We decided to open the theatre three months later with our production of Timon. We started rehearsing there at once, and moved in bit by bit. There were various problems on the opening night. It was a big success but the applause brought down some of the ceiling. People had bits of plaster on their heads. In the so-called dress circle there were seats that we’d varnished but they hadn’t had time to dry. Some of the ladies who came in their best dresses and furs got stuck to their seats.

We kept the ticket prices low. I wanted that Elizabethan feeling where if you come to the theatre, you mix with all people – not just the rich. We had people sitting on the ground from the start. Actors were in close contact with the audience, reacting immediately with them. The acting space was much further forward than it had been when it was a proscenium theatre. So we had this proximity with the audience but there was also this great, vast space reaching to the back wall – that was important to depict Timon after his exile.

We put in steps coming up from the pit, so actors could make spectacular entrances. We used cubes and boxes, very rough things. The designer wanted to find how we could make clothes that were free of associations, yet true to the actors. The Bouffes is now surrounded by Indian shops and restaurants but at that time there was nothing Indian in the area. So our designer went to the African market nearby and got all sorts of fine cloths and made simple new shapes with them. These were definitely not modern dress, but simple clothes, to which you have no immediate connections – such as to Elizabethan or Victorian time – in your mind. We continue to use that approach today.

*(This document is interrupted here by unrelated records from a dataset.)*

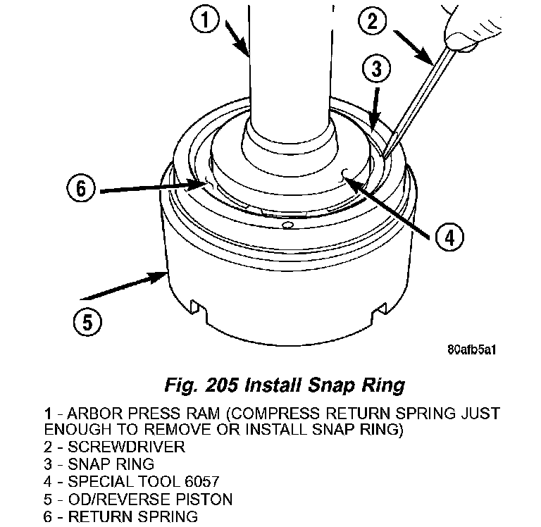 18. Using Tool 6057 and an arbor press, compress return OD/Reverse piston return spring just enough to remove snap ring (Fig. 205).
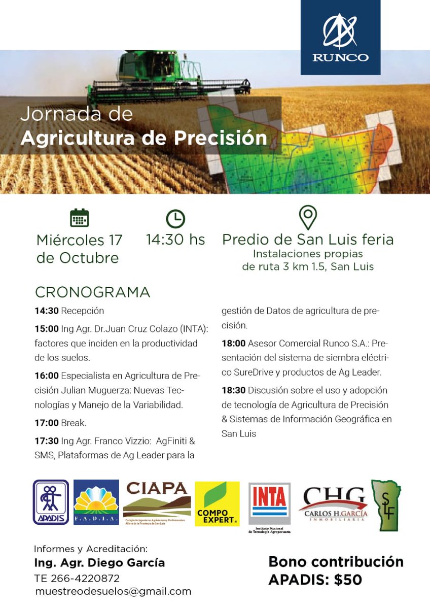 El próximo 17 de octubre expondrán tres especialistas en un encuentro sobre agricultura de precisión, que se desarrollará de 14:30 a 18:30 en las instalaciones de San Luis Feria, en la capital puntana.
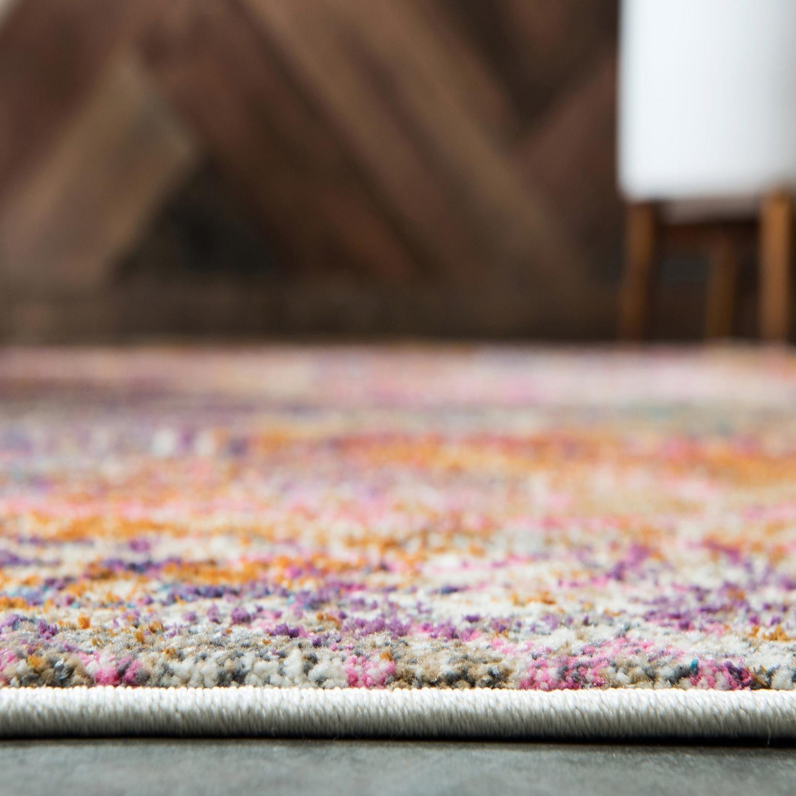 Pair this rug with warm wood tones and neutral upholstery to let its colors sing, or use it to introduce playful contrast in a minimalist living room through coordinated pillows and art. It works well layered beneath a seating group to anchor a large living space, under a bed to add color and texture to a master suite, or in an eclectic dining room paired with mixed-metal accents and woven chairs for a collected, lived-in look.
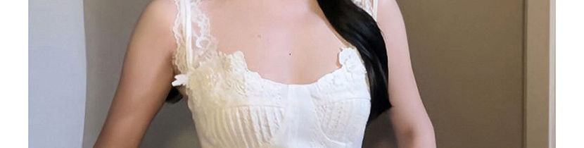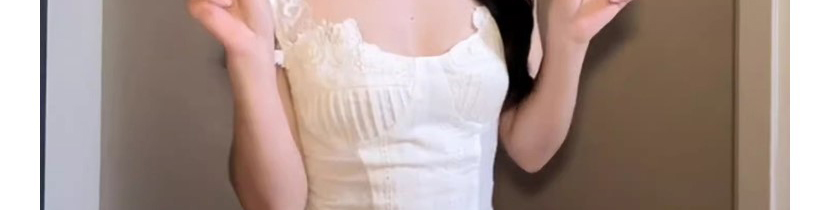 - Top: White lace camisole, sleeveless and slim fit, lightweight summer fabric for chic French style.
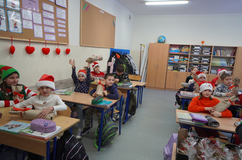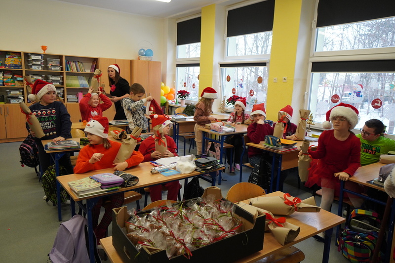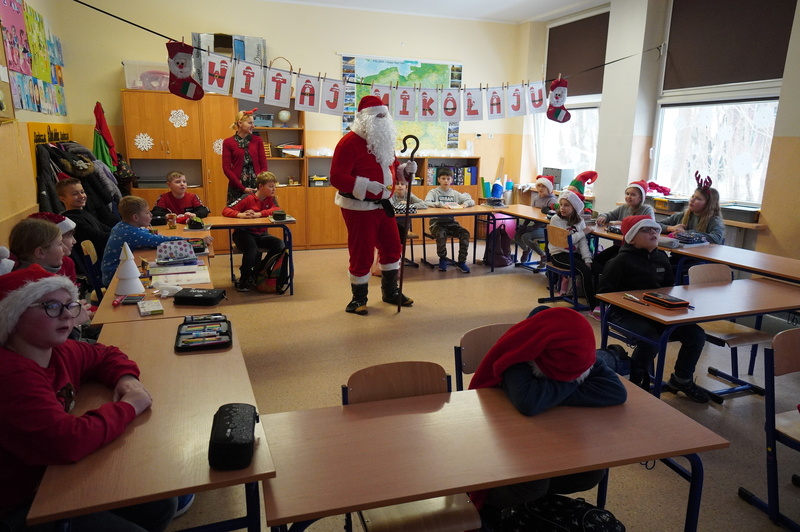 Z tej okazji do naszej szkoły przybyli Mikołaje, aby obdarować grzeczne dzieci prezentami i sprawić, aby każdy w tym dniu poczuł się wyjątkowo.
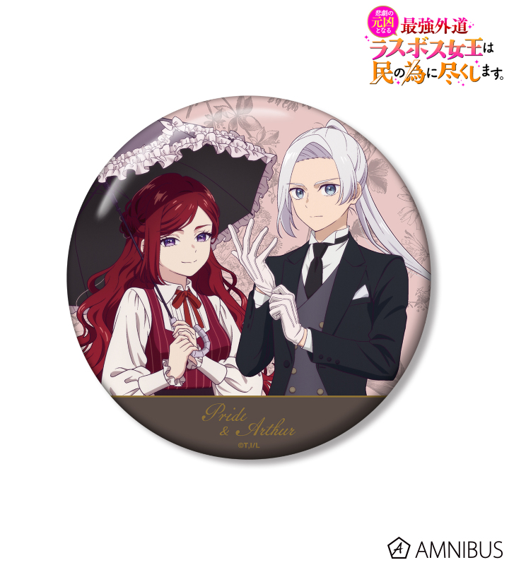 TVアニメ『悲劇の元凶となる最強外道ラスボス女王は民の為に尽くします。』より、100mm缶バッジ缶バッジの登場です。
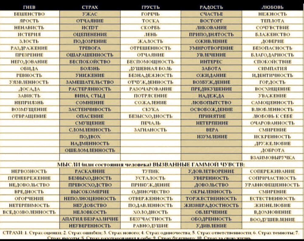 Каждый раз, когда происходит ситуация, что выводит вас из равновесия, мысленно задайте вопрос «Какие эмоции в данный момент я испытываю?», а чтобы легче было определить, прилагаю к данной статье таблицу эмоций и чувств.
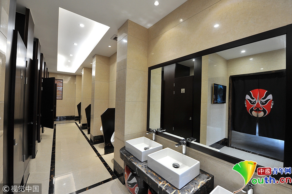 “第5空間”男女廁所的廁標別具特色,選用京劇臉譜的形式,讓人充滿了新奇感。公廁內(nèi)設有母嬰室,里面安裝了各類為帶嬰兒的媽媽們上廁所提供便利的設施,除洗手池和供兒童、成人專用坐便器外,還有折疊式的嬰兒座椅和護理臺,這樣帶嬰兒的媽媽進來如廁,就可以把孩子安全地放在椅子上;如果孩子需要換尿布,也可以在護理臺上完成?! ?/p>
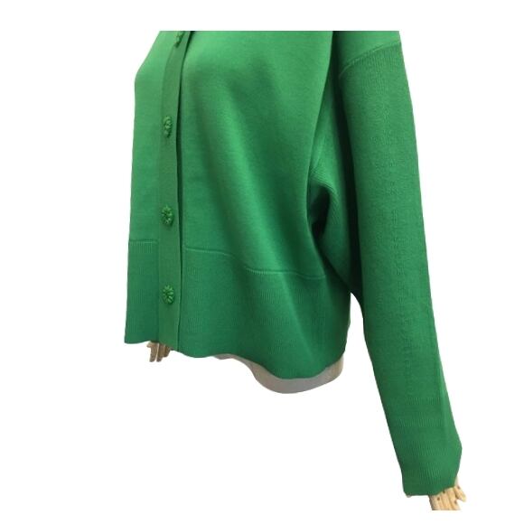 スーパービューティー カーディガン 前立てビジュー ドロップショルダーニットカーデ グリーン 2321010 LL 大人かわいい服
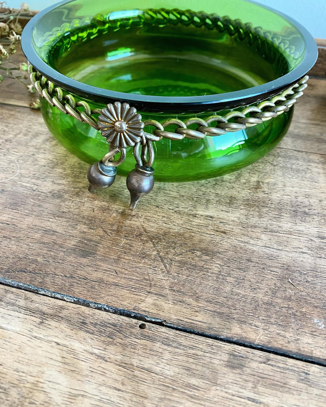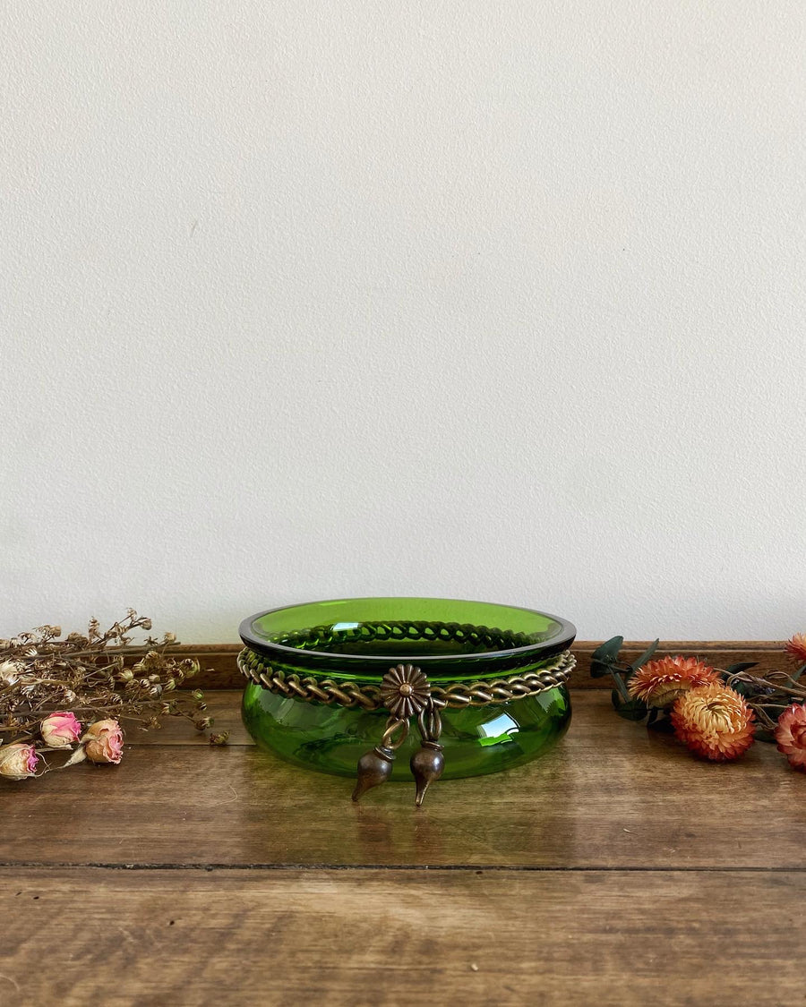 Très élégante coupelle vintage en verre couleur “vert bouteille” cerclée d’une chaînette décorative
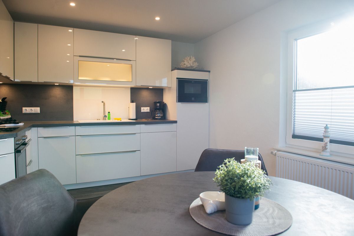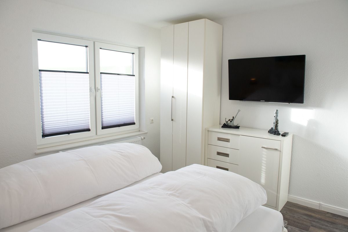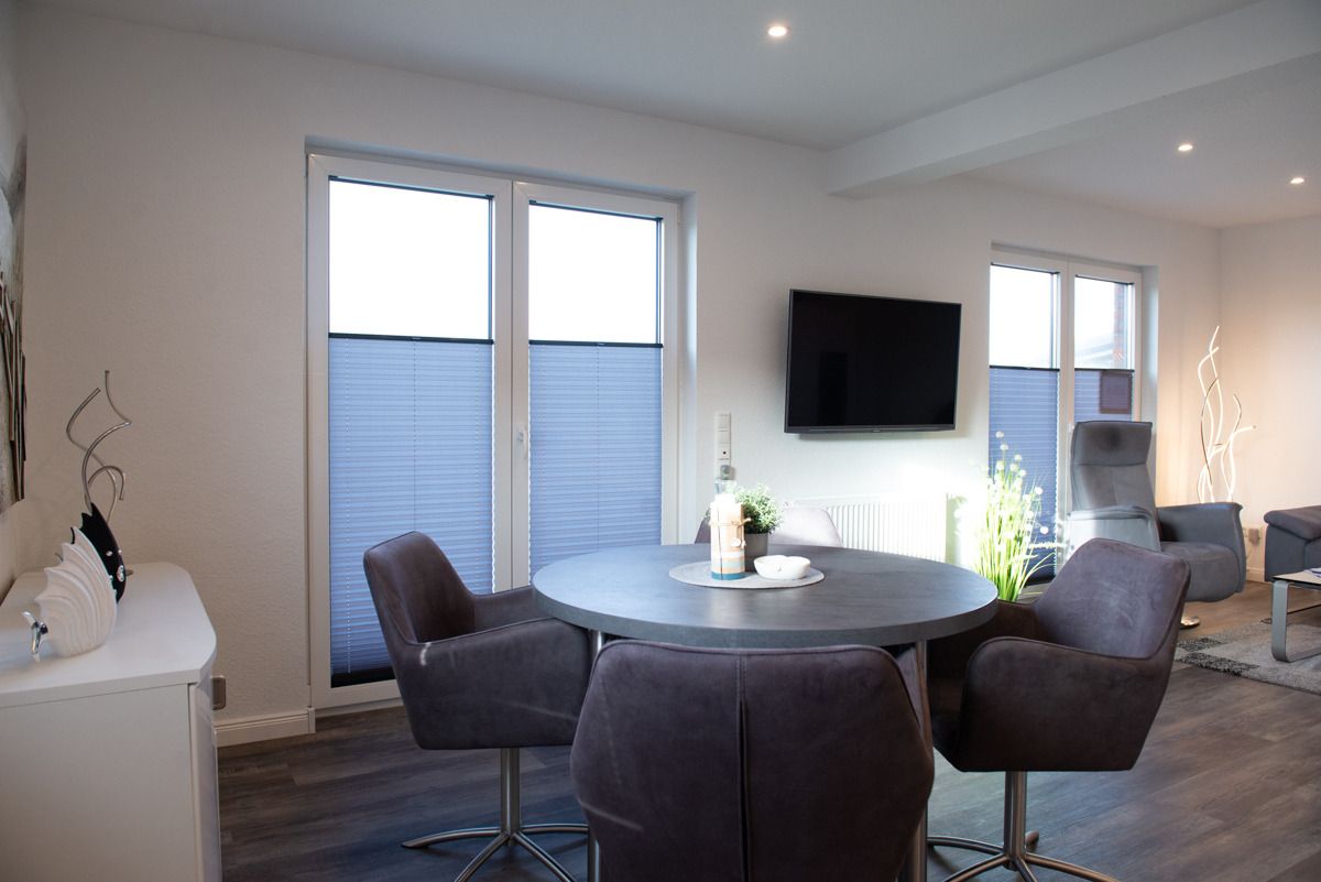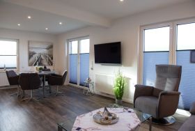 Die Ferienwohnung Deichhöhe VU für 2 Personen befindet sich im Erdgeschoß eines neu erbauten Ferienhauses mit insges. 4 Wohnungen. Die Wohnung liegt in einer TOP Lage, mit einem direkten Blick zum Deich. Das Wohn/Esszimmer ist mit einer gemütlichen Couch, einem Relaxsessel, einer Essgruppe und einer Einbauküche cpl. eingerichtet - von dort aus gelangen Sie auf die möblierte Terrasse. Das Schlafzimmer ist mit einem Doppelbett, Fernseher und Verdunklungsplissees ausgestattet. Das moderne Bad mit Fenster verfügt über eine bodenebene Dusche, WC, Waschtischkombination mit großem Spiegel, Föhn und Hocker. Es ist alles ebenerdig eingerichtet - allerdings für Rollstuhlfahrer leider nicht geeignet. Ein PKW Einstellplatz ist direkt am Haus - ebenso eine Fahrradgarage mit Stromanschluß.

The theatre’s fine acoustics enabled you to feel as if you were playing in a courtyard in the open air, yet the space also has an intimacy that made it possible for the actors to play as if they were in a film. That was the double nature of the Bouffes, and what Timon – and any Shakespeare play – demands. You mustn’t make it cosy and intimate at the expense of its heroic, epic qualities and you mustn’t make it epic and heroic at the expense of the fact that, moment by moment, it’s all about real people and real feelings.